■ WHAT IS REQUIRED
Only the lines from the "在繁昌数字经济产业园,调研团" line through the last line of the material below belong in the answer, reproduced exactly and with no pictures.

■ PROVIDED MATERIAL
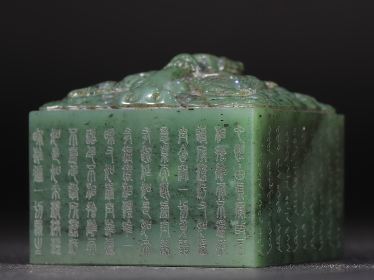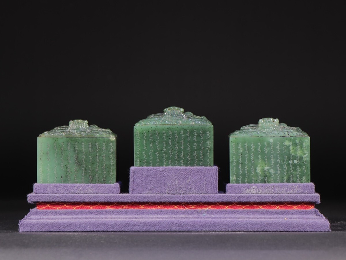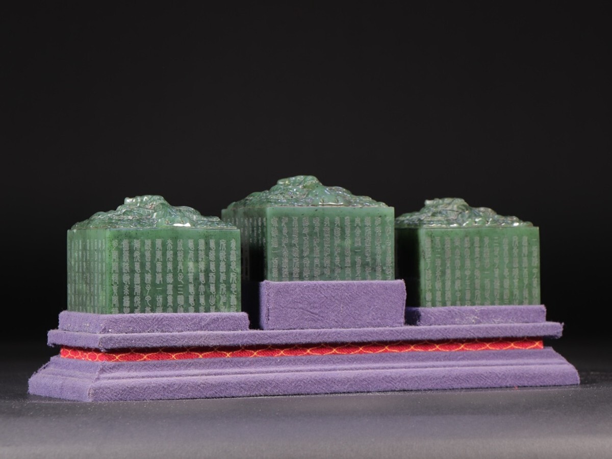 「清時代 和田玉 碧玉彫り 龍吐珠鈕詩文印章 3枚」極細工 擺件 中国古賞物 古美術 旧蔵出
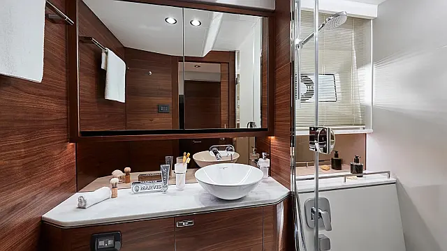 | Equipment: | Air condition, Autopilot, Bathing platform, BBQ/ Grill, Bimini, Bow thruster, Cooker/ Stove, Dinghy, Dishwasher, DVD Player, Fishing set, Freezer, Generator, Heater, Ice maker, Inside cockpit speakers, Inverter, Kitchen utensils, LCD TV, Nespresso Coffee machine, Outside deck speakers, Outside GPS plotter, Outside shower, Oven, Pillows and blankets, Radar, Radio CD / MP3 player / Audio system, Refrigerator, Shower, Sink, Snorkel sets, Solar panels, Towels, Washing machine, Watermaker, |
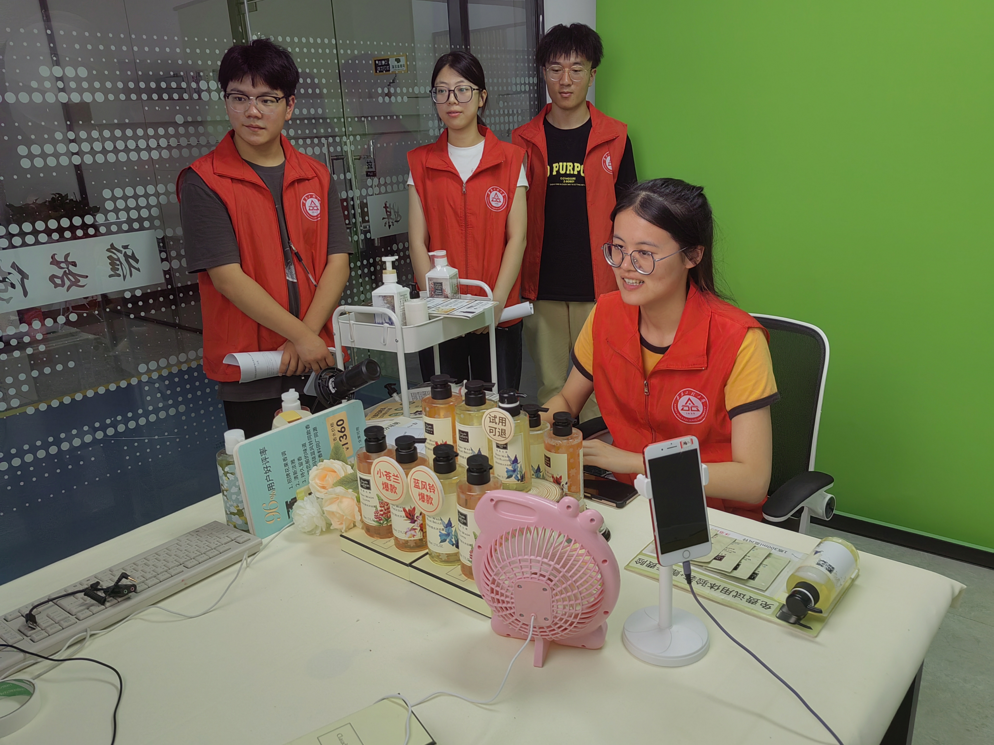 在繁昌数字经济产业园,调研团队走访了安徽省繁昌县雅茹化妆品商贸有限公司,调研返乡青年新就业形态情况。队员们在工作大厅与企业返乡青年员工详细交流,了解从事农村电商的收入、工作时长、工作内容等具体情况。在雅茹直播间,团队成员纷纷化身“带货主播”,有模有样地在镜头前推介着一件件繁昌本地特色产品,详细解读,有的表演才艺,烘托氛围。电子223班的高伟说道,这是自己第一次亲自体验“直播带货”,感觉十分有趣,更没有想到在乡村当地,也能顺势抓住新就业形态发展的风口,蓬勃发展,给乡村经济高质量发展注入了新动能,也给自己未来就业提供了新的思路。
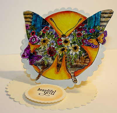 The image was watercoloured with Tombow markers, and the sun was watercoloured with Inktense watercolour pencil crayons and then painted with Twinkling H2O's. Thanks for looking.

■ OUTPUT OF THE EXERCISE
 在繁昌数字经济产业园,调研团队走访了安徽省繁昌县雅茹化妆品商贸有限公司,调研返乡青年新就业形态情况。队员们在工作大厅与企业返乡青年员工详细交流,了解从事农村电商的收入、工作时长、工作内容等具体情况。在雅茹直播间,团队成员纷纷化身“带货主播”,有模有样地在镜头前推介着一件件繁昌本地特色产品,详细解读,有的表演才艺,烘托氛围。电子223班的高伟说道,这是自己第一次亲自体验“直播带货”,感觉十分有趣,更没有想到在乡村当地,也能顺势抓住新就业形态发展的风口,蓬勃发展,给乡村经济高质量发展注入了新动能,也给自己未来就业提供了新的思路。
 The image was watercoloured with Tombow markers, and the sun was watercoloured with Inktense watercolour pencil crayons and then painted with Twinkling H2O's. Thanks for looking.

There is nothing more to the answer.